When tracking a face that does not move, various problems can also occur, such as the face will rotate vertically; it will also be partly on the screen and partly out of the picture; and it may also be occluded. At present, the better way to do target tracking is to use different algorithms in different scenarios.

5. Multimodal problems

Multimodal problems are problems that can only be solved by integrating computer vision, NLP, and speech recognition. For example, visual Q&A. The following picture shows the baby as an example, the problem is where the baby sits, which is where the baby is in the image. First of all, we must do the scene recognition of the picture, understand what is on the picture, such as where the baby is sitting; in addition, there must be an nlp engine to understand the problem, which asks where the child is sitting, not what he is doing; and finally, by understanding the user's question and the factors in the image, further matching. So this example contains three modes, which is a typical multimodal problem.

Another example of a multimodal problem is to understand the picture situation based on a picture and generate a text description. Here, first, we must understand what is in the picture; second, we must be able to generate a description of the sentence and story according to the factors extracted from the picture. There are at least two models in this. At the same time, in order to train the generated content description, different training sets are entered, which becomes more complicated.

Image processing methods of the past - traditional methods

Traditional image processing methods, including filtering, classification, segmentation, and object detection. Commonly used filtering methods include spatial filters, Fourier, wavelet filters, etc.; feature design methods include SIFT, HOG, etc.; classification methods include SVM, AdaBoost, Bayesian, etc.; segmentation and target detection methods include watershed, horizontal set, subjective model, etc.

1. Feature design - edge detection

To identify an image, the first thing is to enable the machine to read some of its features. From this point of view, image feature design is required. The easier feature extraction method to think of is edge features. In the following figure, for example, to identify all the coins in the figure, you can extract the edges of the coins and the edges of the pattern as an image feature.

Feature Design - Harr feature

When the edges of the object are not sharp, the more classic approach is the Harr feature. It is to represent the grayscale changes in different positions on the image in black and white boxes. The top two rows represent vertical and horizontal grayscale changes, and it has only four directions, up and down, left and right. The way the diagonal in the lower right corner is a further optimized harr method that can represent a gray change in the 45-degree direction.

Feature design - symmetry

Many identifying objects have certain local symmetries, such as people and houses, so they can use the characteristics of symmetry to solve problems. It is based on the position of the center of gravity point closer to the object, the brighter, the closer to the edge, the darker, with the center of gravity as a feature to represent the object.

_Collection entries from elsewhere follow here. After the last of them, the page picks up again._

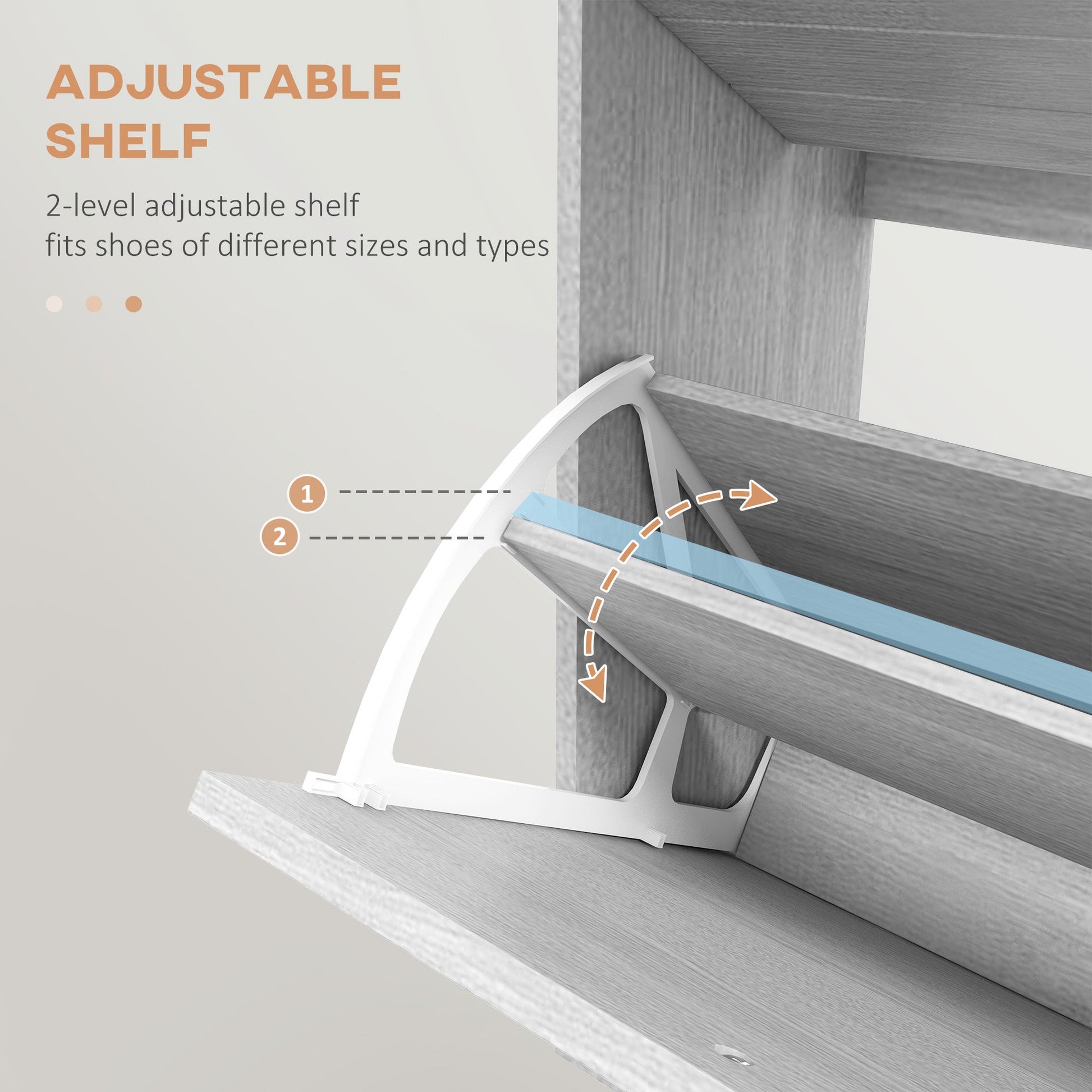 - Two-level adjustable shelf in the each flip drawer: adjust the size easily
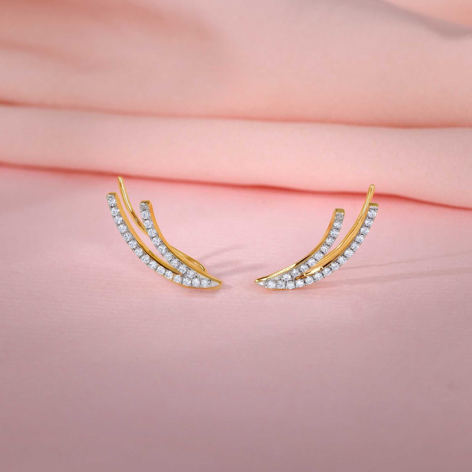 These pure gold earrings for women feature a dual-layer curve design studded with lab grown diamonds.
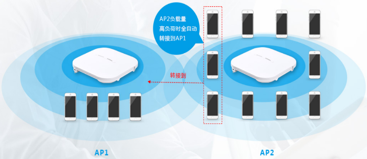 负载均衡技术,支持基于无线AP负载情况合理分配接入终端,使每个AP接入数量趋于均衡,同时5G终端优先接入5G频段,确保用户快速上网。

Feature Design - Scale invariant features

In addition to the two characteristics of harr feature and symmetry, the scale invariant feature (sift) is commonly used in object detection. Scale space is actually a process that describes the process by which we see something from far to near, slowly becoming clear from blur. The scale invariant feature is to extract some key scale points on the picture and obtain some vector parameters in each direction. These directional vectors are then used to match some angles or photos that are not the same after rotation. Even though this image may have some occlusion, as long as its scale point is not obscured, the same is matched.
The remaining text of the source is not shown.